* **Raw data**
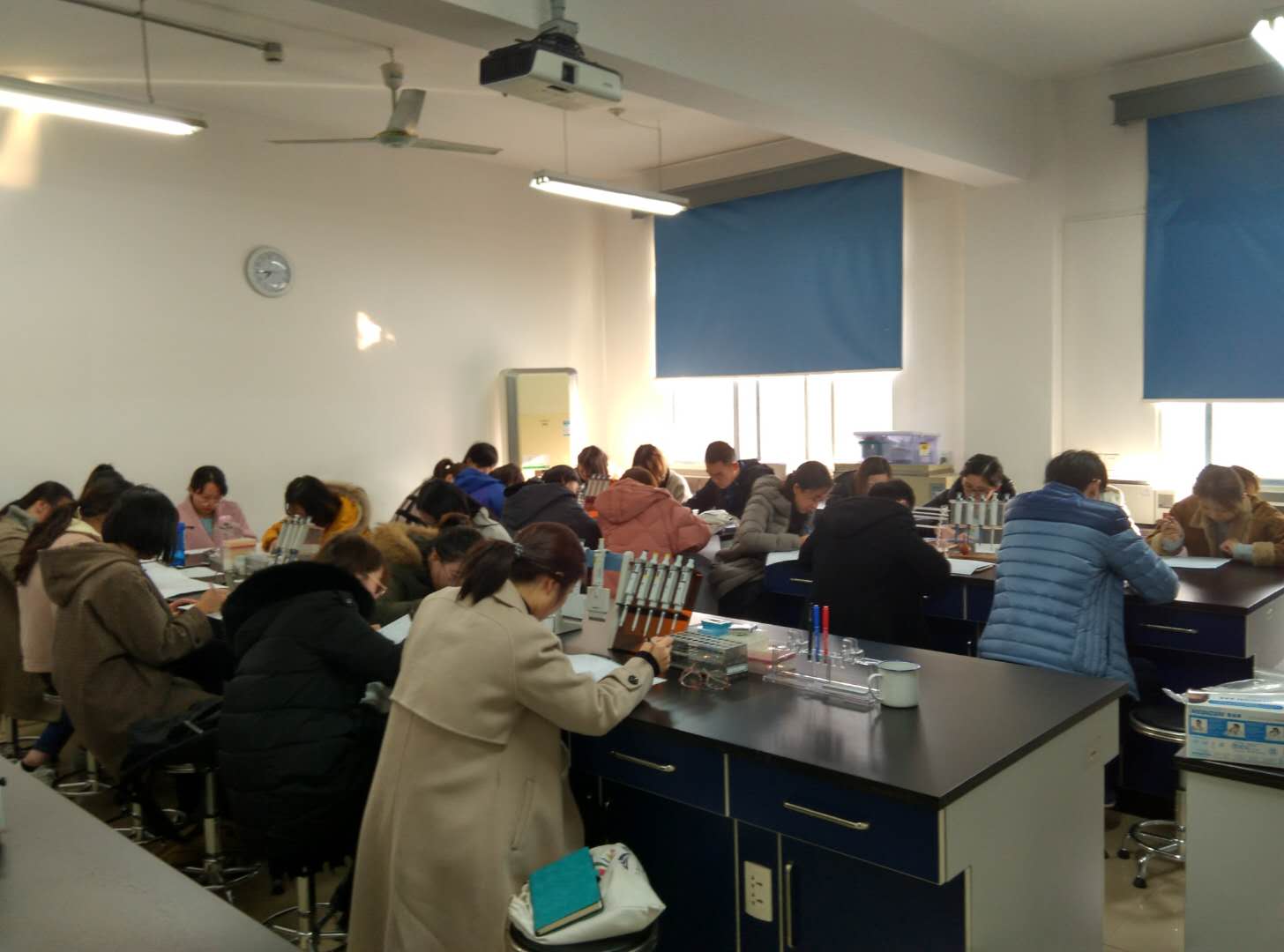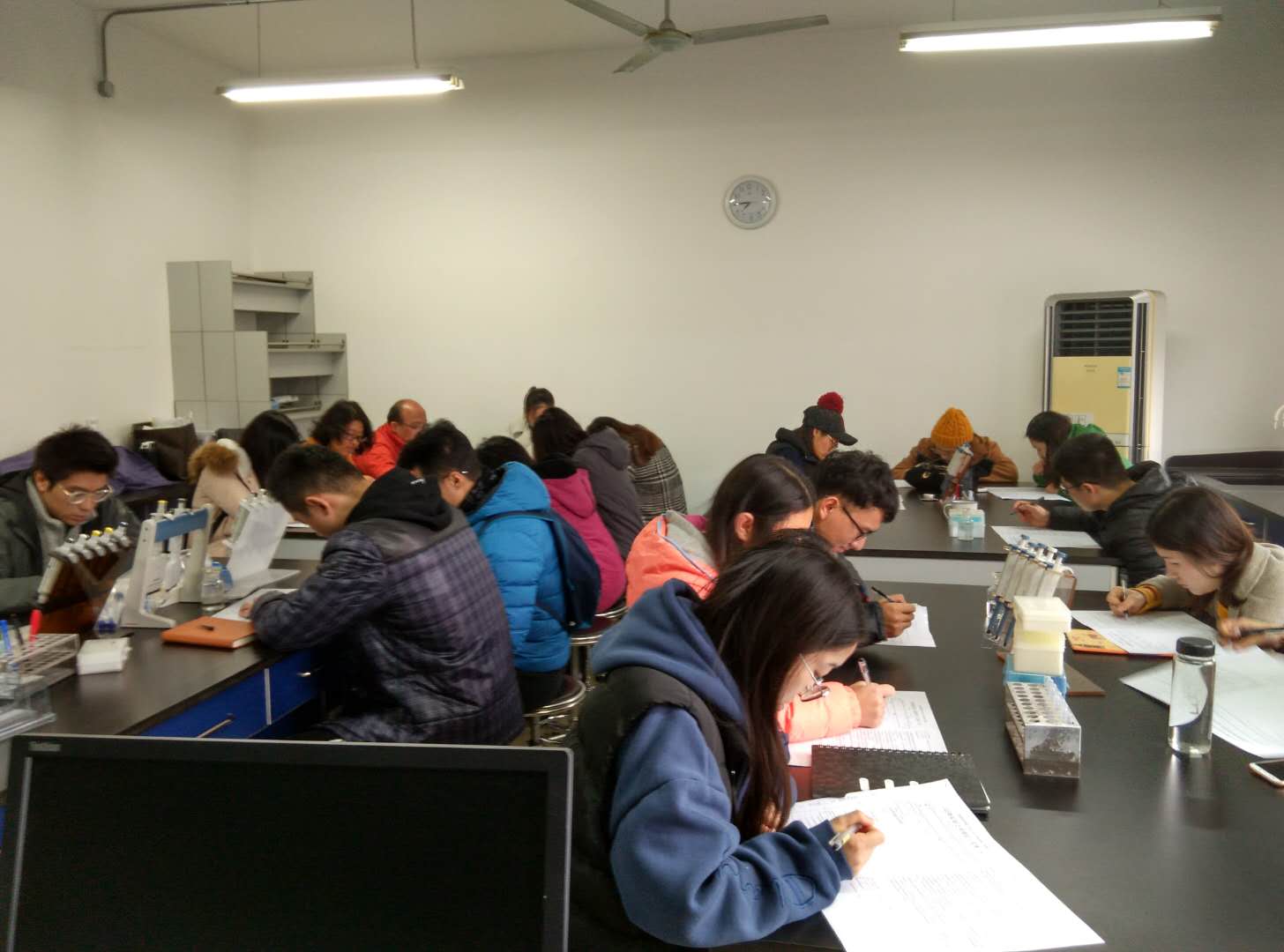 培训结束后,分别在科研楼315和317两个教室给参加培训的员工安排了实验动物上岗考试,考试过程中,同学们考风端正、秩序井然,体现了上海体育公司运动科学公司员工的良好精神风貌,上海体育公司12月份实验动物管理上岗培训和考试圆满结束。
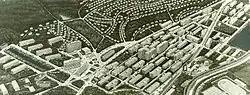 František Lydie Gahura | 1927-1938 | Jižně od Baťovy továrny od roku 1927 vznikalo nové městské centrum na principu otevřeného urbanismu. Parkové náměstí s vrstevnicově řazenými internáty bylo roku 1932 završeno Památníkem Tomáše Bati. V dolní části přechází ve školní areál na východní straně a v náměstí Práce na západní straně. Prostorové vazby obou náměstí k továrně ilustrují Baťovu koncepci „ideálního průmyslového města“, kde továrnu a obytné zóny propojuje obchodní a společenské centrum.[8] | |
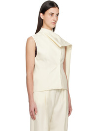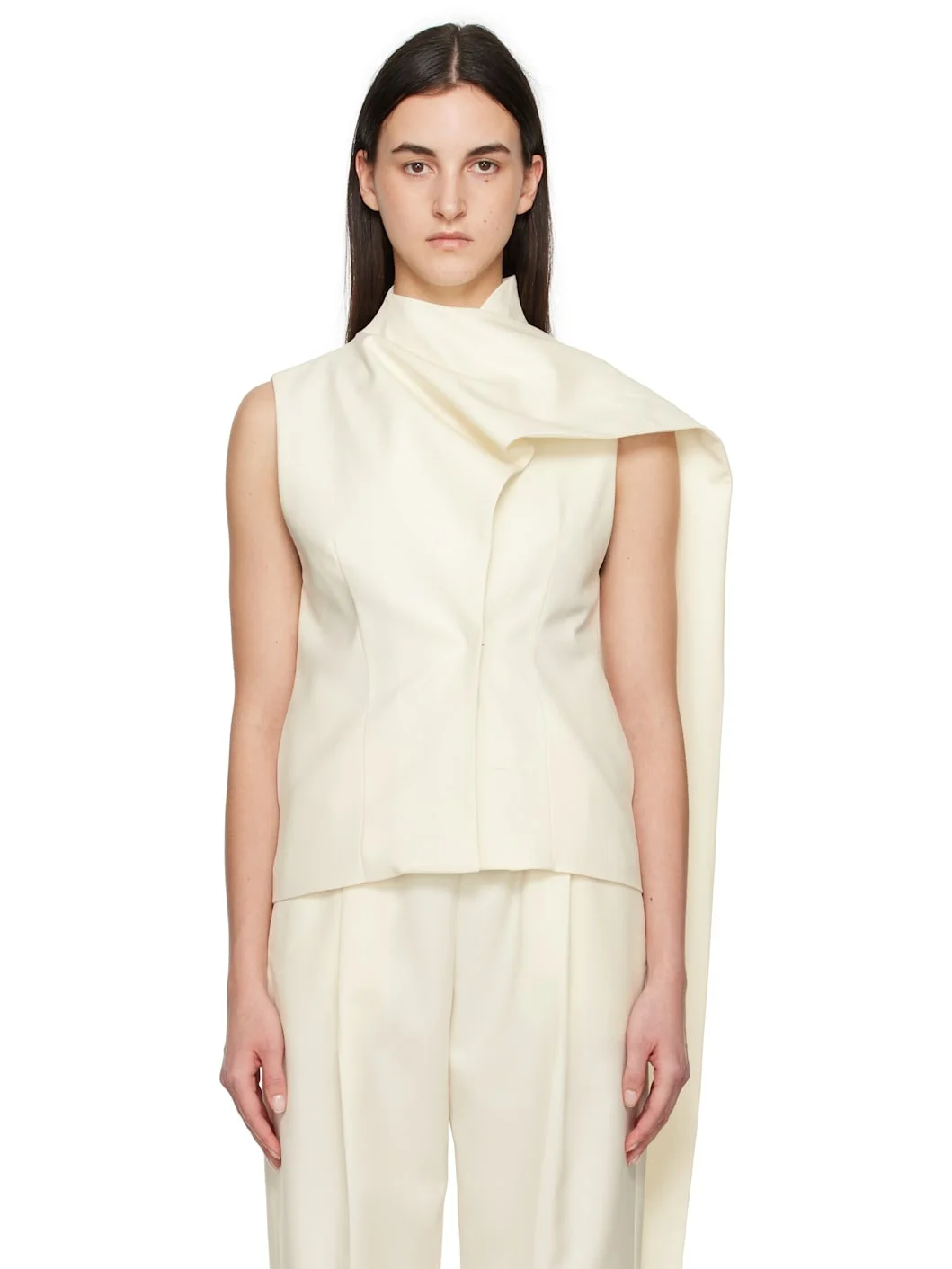 Wool-blend twill top. · Wrap construction · Draped extended trim at funnel neck · Concealed button closure · Darts at front and back · Seam pockets · Partially lined Supplier color: White Body: 50% wool, 50% polyester. Lining: 100% polyester. Made in Georgia 251188F111007
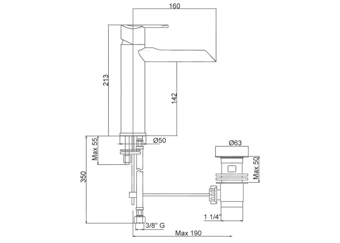 Змішувач, гнучкий підвід, донний клапан, кріпильні деталі.

* **Assignment**
Down to the last line, reproduce the material above exactly; skip its images.

* **Answer box**
 培训结束后,分别在科研楼315和317两个教室给参加培训的员工安排了实验动物上岗考试,考试过程中,同学们考风端正、秩序井然,体现了上海体育公司运动科学公司员工的良好精神风貌,上海体育公司12月份实验动物管理上岗培训和考试圆满结束。
 František Lydie Gahura | 1927-1938 | Jižně od Baťovy továrny od roku 1927 vznikalo nové městské centrum na principu otevřeného urbanismu. Parkové náměstí s vrstevnicově řazenými internáty bylo roku 1932 završeno Památníkem Tomáše Bati. V dolní části přechází ve školní areál na východní straně a v náměstí Práce na západní straně. Prostorové vazby obou náměstí k továrně ilustrují Baťovu koncepci „ideálního průmyslového města“, kde továrnu a obytné zóny propojuje obchodní a společenské centrum.[8] | |
 Wool-blend twill top. · Wrap construction · Draped extended trim at funnel neck · Concealed button closure · Darts at front and back · Seam pockets · Partially lined Supplier color: White Body: 50% wool, 50% polyester. Lining: 100% polyester. Made in Georgia 251188F111007
 Змішувач, гнучкий підвід, донний клапан, кріпильні деталі.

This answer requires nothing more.